Haldon: That would be a possible conclusion. In the third case, the matter is even more complicated: in the Carolingian Empire, reports and archeological evidence point to environmental stress - extreme weather and short periods of abrupt climate change. The reports of famines are often, but not completely, consistent with this pattern. Long winters, heavy droughts, then endless downpours brought famine years and increased the death rate. But what about years when the data does not match? If one combines all factors and hints, then it shows: The Carolingian society already knew how to defy such dangers or mitigate them. But success also depended on political-social conditions, such as how well large landowners and state leaders made common cause.

SPIEGEL: Do your surveys show how well pre-modern societies coped with climate change overall?

Haldon: The most important result is that environmental factors alone can never explain social change. There are always interactions; we speak like ecologists of complex adaptive systems. In pre-modern societies, there was traditional knowledge of how to deal with natural hazards. Much of this may seem like superstition, and it did not work - for example, in Peru, before the Incas, certain temples were built in the midst of flood zones. But of course, this strengthened long-term social cohesion.

SPIEGEL: Were certain forms of government better equipped to tackle natural changes?

Haldon: The Eastern Roman Empire of the 7th century is one of the few cases in which a complex state was deliberately simplified. It is commonly said that internal strife, external attacks by "barbarians", climate change and epidemics threatened the empire until it stabilized thanks to a few wise rulers and historical coincidences.

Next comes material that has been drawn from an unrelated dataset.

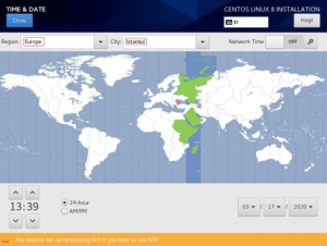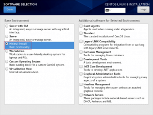 SOFTWARE SELECTİON bölümünde sunucunuz üzerine kurulacak olan görev ve uygulamalar seçilir. Base Environment kısmında kuracağınız bilgisayar türü seçilir. Bu adımda minimal install seçeneğini işaretleyeceğiz ve Done butonuna basarak devam edeceğiz.

However, a closer look at environmental data and other sources shows that farmers responded to climate change by introducing new crops, the state responding to territorial and income losses by other taxation, reorganizing the military and even the elites. As a result, the citizens identified more than before with the state. The environmental threat has actually contributed to the continuation of the Byzantine state.

SPIEGEL: Did people ever think in pre-modern times that they could have triggered environmental changes themselves?

Haldon: There are hardly any hints. However, documents sometimes read complaints that the state or a landowner has ordered innovations that would have led to the lack of certain crops or - for example, dams - to poor water distribution. Each case is different, depending on the world of thought of the epoch, but economic-social feedback effects are as good as ever.

SPIEGEL: What can we learn from historical explanations for the present?

Haldon: Politicians have often misjudged the complexity of previous interactions between society and the environment. This then led to bad strategy and bad planning. The UN has announced sustainability goals, including for cities and societies. Insights from the past can certainly contribute to current discussions, even improving the assessment of risks. For example, a research group recently noted that Israel's north coast was hit by a massive tsunami in the 6th century. As the Israeli government learned, it has included appropriate scenarios in its contingency plans and has also begun to raise public awareness. Our team has specialists in risk and emergency planning - so there is a direct link between our historical research and its potential relevance for today and tomorrow.